Etudiant les possibilités d'écrire un texte à partir de cette propriété, je vis que les lettres les plus aptes à compléter VIER étaient ZOLA, et le 14 février 2002, je postai ce palindrome EVVE sur la liste (il faut s'y inscrire pour pouvoir consulter ses archives):

EVVE pour Epigramme Vice-Versa Enantiodrome
soit un palindrome dont la seconde partie est également la transformation rétro-26 de la première.
(rétro-26 : A devient Z, B Y, C W, etc.)
EVVE rapidement concocté en exemple :

Z O L A V I R E V O
L E V I R E Z O L A
A L O Z E R I V E L
O V E R I V A L O Z

le texte :
- "Zola vire-vole."
- "Vire Zola !"
- "Aloze rive..."
L'ove riva l'oz.


Suivait une explication vaseuse justifiant plus ou moins ces triturations de langage, là n'est pas l'important, qui est que pour moi le jeu sur VIER était déjà étroitement lié à la quaternité, aux "4 sens de l'écriture", et que la façon la plus immédiate de le mettre en valeur était d'y associer ZOLA, en une sorte de double palindrome...
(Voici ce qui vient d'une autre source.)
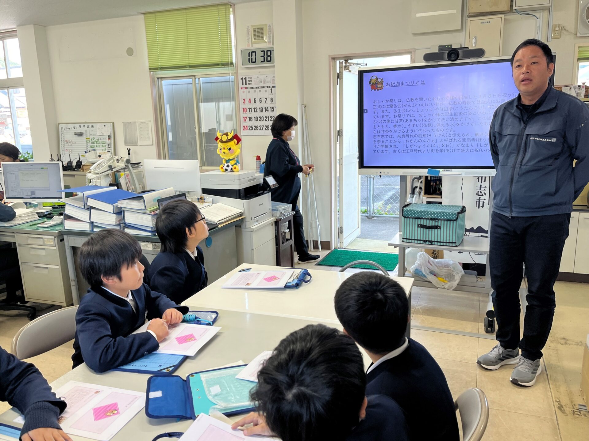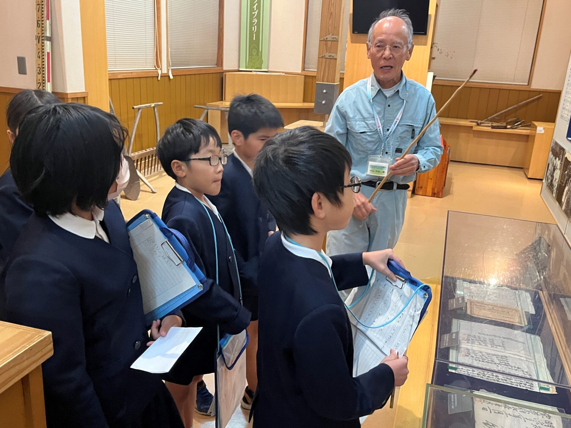 社会の授業で野井倉甚兵衛さんについて学んだ4年生。

L'association de ce que j'appelle ici le rétro-26 à Rimbaud/Raimbault me rappelle le tube Over the rainbow du Magicien d'Oz. The WIZARD of Oz en anglais, où WIZARD est le seul mot de 6 lettres réversible en rétro-26 :
WIZARD > DRAWIZ
L'origine du nom Oz n'est pas certaine. Frank L. Baum a suggéré qu'il pouvait lui avoir été inspiré par un classeur O-Z. Toujours est-il que l'hébreu oz, "puissant", est composé de deux lettres réversibles en ZO selon le même principe.

Le voeu d'une morte : On peut en lire l'édition originale sur Gallica, mais d'autres sites en proposent des lectures plus aisées. Gallica donne également la possibilité d'écouter le texte (ici la première page avec Daniel Raimbault).